We conduct a co-eQTL meta-analysis across four scRNA-seq peripheral blood mononuclear cell datasets using a novel filtering strategy followed by a permutation-based multiple testing approach. Before the analysis, we evaluate the co-expression patterns required for co-eQTL identification using different external resources. We identify a robust set of cell-type-specific co-eQTLs for 72 independent SNPs affecting 946 gene pairs. These co-eQTLs are replicated in a large bulk cohort and provide novel insights into how disease-associated variants alter regulatory networks. One co-eQTL SNP, rs1131017, that is associated with several autoimmune diseases, affects the co-expression of RPS26 with other ribosomal genes. Interestingly, specifically in T cells, the SNP additionally affects co-expression of RPS26 and a group of genes associated with T cell activation and autoimmune disease. Among these genes, we identify enrichment for targets of five T-cell-activation-related transcription factors whose binding sites harbor rs1131017. This reveals a previously overlooked process and pinpoints potential regulators that could explain the association of rs1131017 with autoimmune diseases.
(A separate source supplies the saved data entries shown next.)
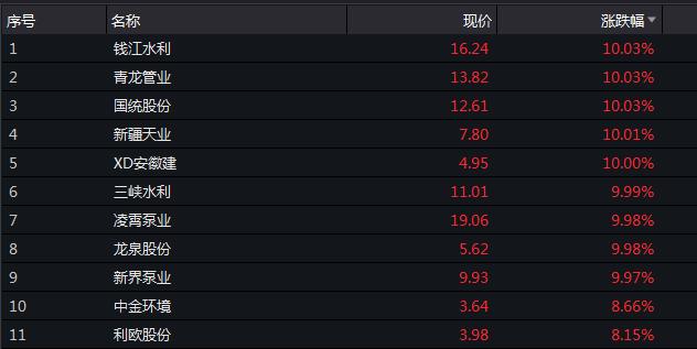 这一预期显然在更早前就对部分水利股形成了带动作用,7月13日当天,钱江水利、国统股份等多只不少于9只个股冲击涨停。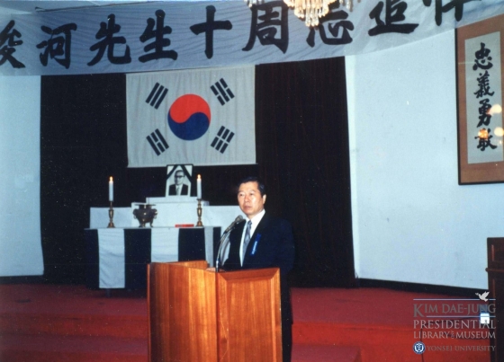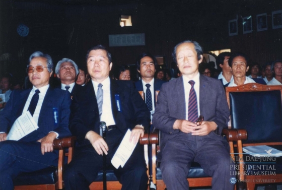 ¿¬¼¼´ë ±è´ëÁßµµ¼°ü(°üÀå ÇѼ®Èñ)Àº ±è´ëÁß ´ëÅë·É ¼°Å 12ÁÖ±â(8¿ù 18ÀÏ)¸¦ ¸ÂÀÌÇØ 1985³â 8¿ù 17ÀÏ ÀåÁØÇÏ ¼±»ý ¼°Å 10ÁÖ±â Ãßµµ½Ä¿¡ Âü¼®ÇÑ ´ç½Ã ±è´ëÁß ¹ÎÁÖÈÃßÁøÇùÀÇȸ(¹ÎÃßÇù) °øµ¿ÀÇÀåÀÇ »çÁø 5ÀåÀ» °ø°³ÇÑ´Ù.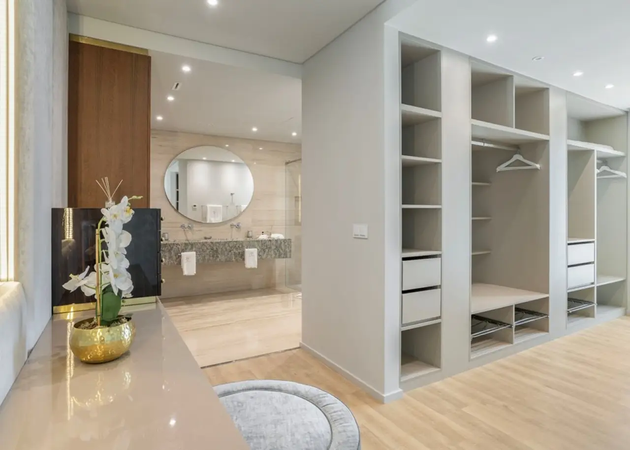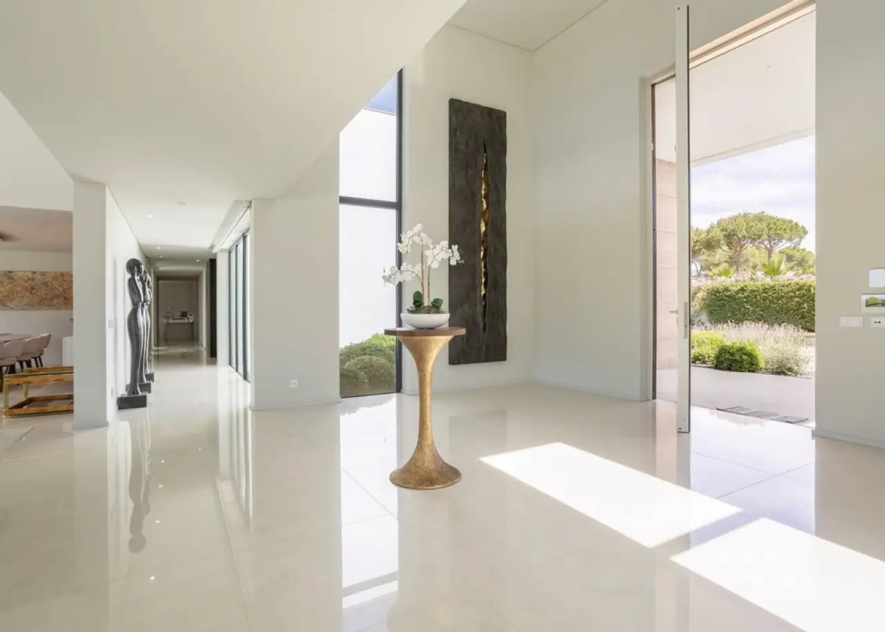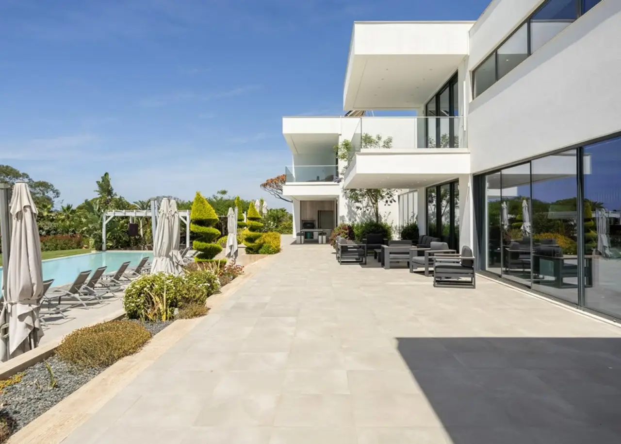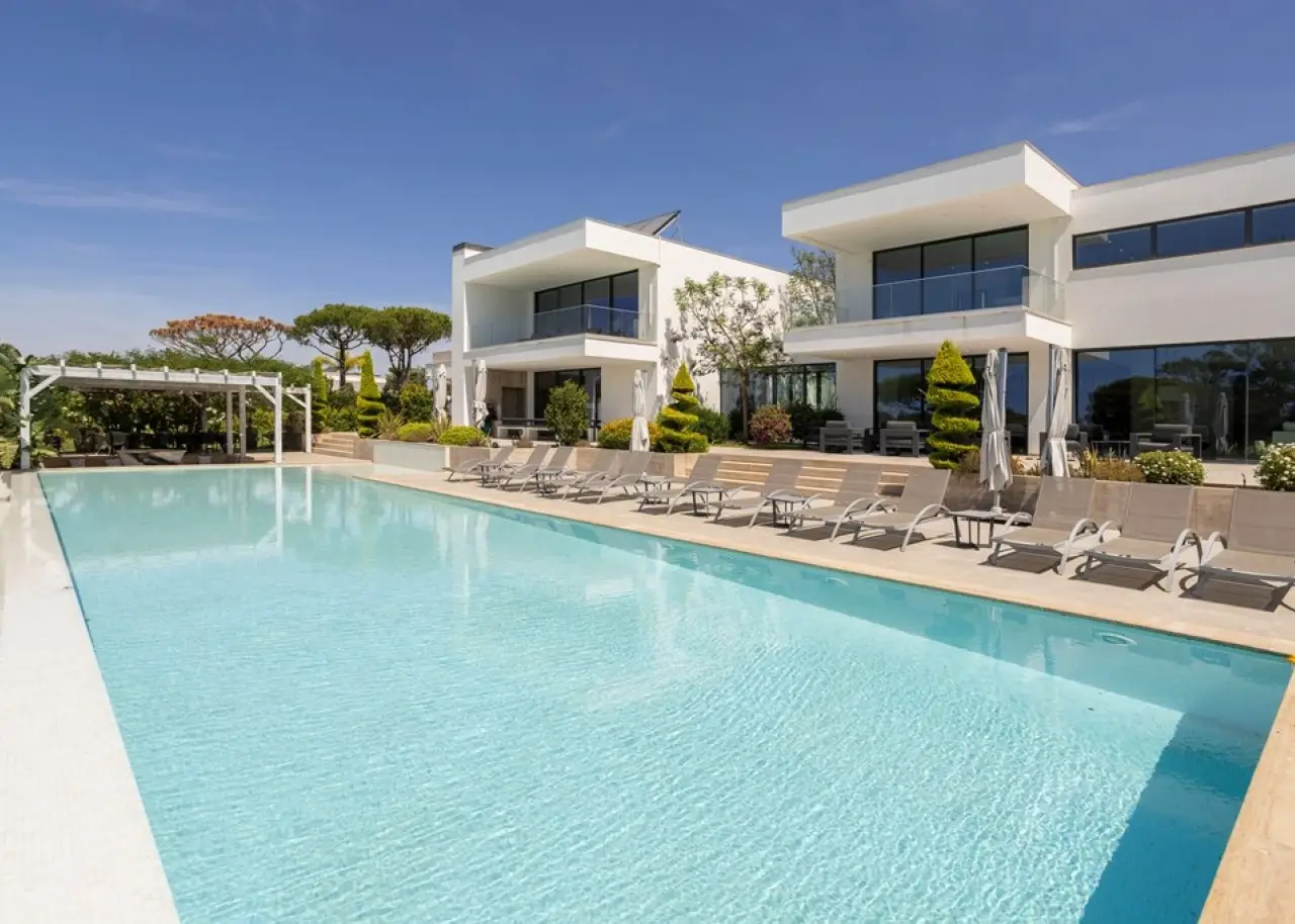 Located in one of Vilamoura 's most prestigious areas - Pinhal Velho, in the Algarve 's Golden Triangle - this 8-suite villa stands out for its balanced combination of comfort, discretion and build quality. The first floor is marked by a large, bright room, with living and dining areas in harmony with the exterior surroundings. The modern , fully-equipped kitchen is open-plan and extends to the outdoor area, creating a fluid connection between the spaces. This floor also includes three suites and a laundry room. On the second floor, the master suite stands out for its comfort and privacy, with a walk-in closet, generous bathroom and terrace overlooking the garden. Two other suites, both with private terraces, complete this area. In the basement, the villa offers several additional features: a games room, bar, wine cellar, gym with Turkish bath, two suites, a large storage area and a garage with capacity for several vehicles. With its contemporary architecture and clean lines, it was built with quality materials and attention to detail. It has central air conditioning, solar panels for water heating and a central vacuum system. Surrounded by an extensive, mature and well-kept garden, the property offers several outdoor areas designed for peaceful enjoyment: a swimming pool, outdoor dining area, barbecue area, children's playground and garden nooks ideal for relaxing or socializing. Set in a calm and private environment, this house combines functionality with elegance. It is located a short distance from Vilamoura Marina, the beaches of the Golden Triangle, leading golf courses and the International College of Vilamoura. CHARACTERISTICS: Plot Area: 6 859 m2 | 73 830 sq ft Useful area: 957 m2 | 10 296 sq ft Deployment Area: 463 m2 | 4 978 sq ft Building Area: 1 168 m2 | 12 577 sq ft Bedrooms: 8 Bathrooms: 10 Garage: 4 Energy efficiency: A FEATURES: Luxurious Villa 8 suites Vilamoura Golden Triangle Laundry room Games room Bar Wine cellar Gym Private terraces Comfort Privacy Contemporary architecture Garden Swimming pool Children's playground

Our co-eQTL results highlight the importance of studying context-specific gene regulation to understand the biological implications of genetic variation. With the expected growth of sc-eQTL datasets, our strategy and technical guidelines will facilitate future co-eQTL identification, further elucidating unknown disease mechanisms.
表达数量性状基因座(eQTL)研究表明遗传变异如何影响下游基因表达。单细胞数据允许重建个性化的共表达网络,因此可以使用少数个体识别改变共表达模式的 SNP(共表达 QTL,co-eQTL)和受影响的上游调节过程。
我们使用一种新的过滤策略和基于置换的多重测试方法,对四个 scRNA-seq 外周血单核细胞数据集进行了 co-eQTL 元分析。在分析之前,我们使用不同的外部资源评估了识别 co-eQTL 所需的共表达模式。我们确定了一组稳健的细胞类型特异性 co-eQTL,用于影响 946 个基因对的 72 个独立 SNP。这些 co-eQTL 在一个大型批量队列中得到了复制,并为疾病相关变异如何改变调节网络提供了新的见解。一个与多种自身免疫性疾病相关的 co-eQTL SNP rs1131017 影响了 RPS26 与其他核糖体基因的共表达。有趣的是,特别是在 T 细胞中,该 SNP 还影响了 RPS26 与一组与 T 细胞激活和自身免疫性疾病相关的基因的共表达。在这些基因中,我们发现了与五个与 T 细胞激活相关的转录因子的靶基因富集,其结合位点含有 rs1131017。这揭示了一个以前被忽视的过程,并指出了潜在的调节剂,这些调节剂可以解释 rs1131017 与自身免疫性疾病的关联。
我们的 co-eQTL 结果强调了研究特定于上下文的基因调控以了解遗传变异的生物学意义的重要性。随着 sc-eQTL 数据集的预期增长,我们的策略和技术指南将促进未来 co-eQTL 的识别,进一步阐明未知的疾病机制。